Savcı, firari sanıklar Henry Jack Barkey, Can Dündar, Memet Ali Alabora, Ayşe Pınar Alabora, Gökçe Yılmaz, Handan Meltem Arıkan, Hanzade Hikmet Germiyanoğlu, Yiğit Aksakoğlu ve İnanç Ekmekçi'nin dosyalarının ayrılmasını ve yakalanmalarının beklenmesi gerektiğini kaydetti.
MESELELERİ HÜKÜMETİ DEVİRMEKTİ
72 sayfalık mütalaada, "Gezi Olayları olarak bilinen ve 2011 yılında 'Ayaklan İstanbul/Diren İstanbul' sloganı üzerinden temelleri atılan kalkışma hareketinin 11.11.2011 tarihinde Memet Ali Alabora, Ayşe Pınar Alabora ve Handan Meltem Arıkan tarafından Gezi Parkında çekilmiş video ile eyleme konulduğu tespit edilmiştir" denildi.

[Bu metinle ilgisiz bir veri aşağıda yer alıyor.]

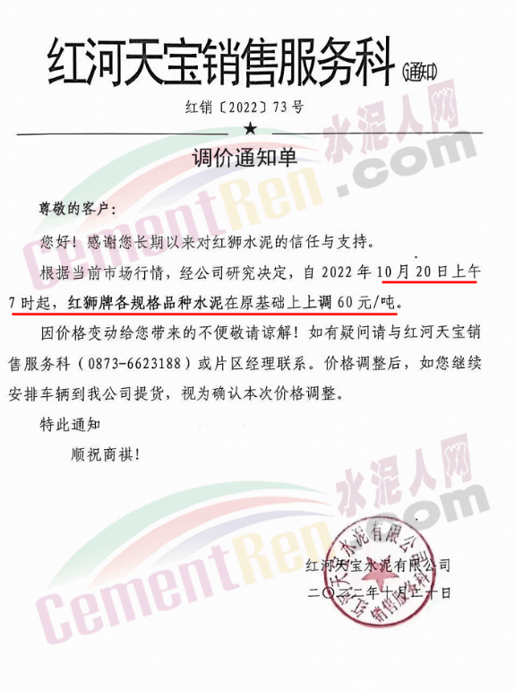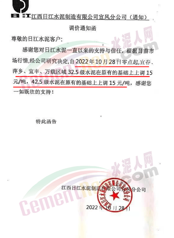 江西日江水泥通知,10月28日 零點起宜春、萍鄉(xiāng)、宜豐、萬載區(qū)水泥價格上調15元/噸。

Mütalaaya göre, eylemciler Arap Baharı'nın bölgesel olmadığını ve küresel olduğunu belirterek, eninde sonunda ülkemizde de bu ayaklanmaların olmasını arzu ettiklerini duyurdu.
Türkiye geneline yayılan olayların 27 Mayıs 2013 tarihinde "Taksim Yayalaştırma Projesi" kapsamında yol açma çalışması yapılırken "Gezi Parkında ağaçlar kesiliyor" bahanesiyle başlatıldığı anımsatıldı. Gezi Parkı olaylarının asıl amacının, Türkiye Cumhuriyeti'nin seçilmiş hükümetini yıkmak veya işlevsiz duruma getirmek olduğu vurgulandı.
30 Mayıs 2013'te kalkışmanın önemli organizatörlerinden Memet Ali Alabora'nın Twitter hesabından, "Mesele sadece Gezi Parkı değil arkadaş, sen hala anlamadın mı?" şeklinde yaptığı paylaşıma dikkat çekildi.
SOROS'UN TÜRKİYE TEMSİLCİSİ
Sanıklar arasındaki iletişime ve para transferlerine de yer verilen mütalaada ayrıca şu tespit yapıldı: "Uluslararası spekülatör George Soros'un ülkemizdeki temsilcisi konumundaki sanık Mehmet Osman Kavala, Açık Toplum Vakfı ve Anadolu Kültür A.Ş. isimli vakıf ve şirket görünümlü legal yapıları kalkan olarak kullanarak, ülkemizdeki Kürt ve Ermeni vatandaşların ülkemize karşı kışkırtılması ve bölücü eylemlere kalkışılması yönünde uzun yıllardır lobi ve toplum mühendisliği faaliyetleri yürütmekte, Açık Toplum Vakfı ve Anadolu Kültür A.Ş. üzerinden sözde kültürel etkinliklerin fonlanması adıyla ülkemizde gerçekleşen birçok bölücü organizasyona para kaynağı olmaktadır."
DAVA SÜRECİ
Gezi Parkı olaylarını organize ve finanse etmekle suçlanan Osman Kavala, İstanbul 30. Ağır Ceza Mahkemesinde beraat etmiş, istinaf mahkemesi beraat kararını bozmuştu. İkinci kez yapılan yargılamada önce Kavala ve eski CIA danışmanı Henri Barkey'e İstanbul 36. Ağır Ceza Mahkemesinde açılan 15 Temmuz davası birleştirilmiş, ardından dava Yargıtay tarafından bozulan 13. Ağır Ceza Mahkemesindeki 35 Çarşı üyesinin yargılandığı dava ile birleştirilmişti.
Yargıtay 18 Mart 2021'de Çarşı sanıkları ile Gezi olaylarını organize ve finanse ettiği öne sürülen Kavala ve ekibi arasında irtibat bulunduğunu belirterek, bu davaların birleştirilip birleştirilmeyeceğine bakılmadan karar verilmesini bozma gerekçesi yapmıştı. Geçtiğimiz 21 Şubat'ta ise ana dava ile Çarşı grubu davaları ayrılmıştı.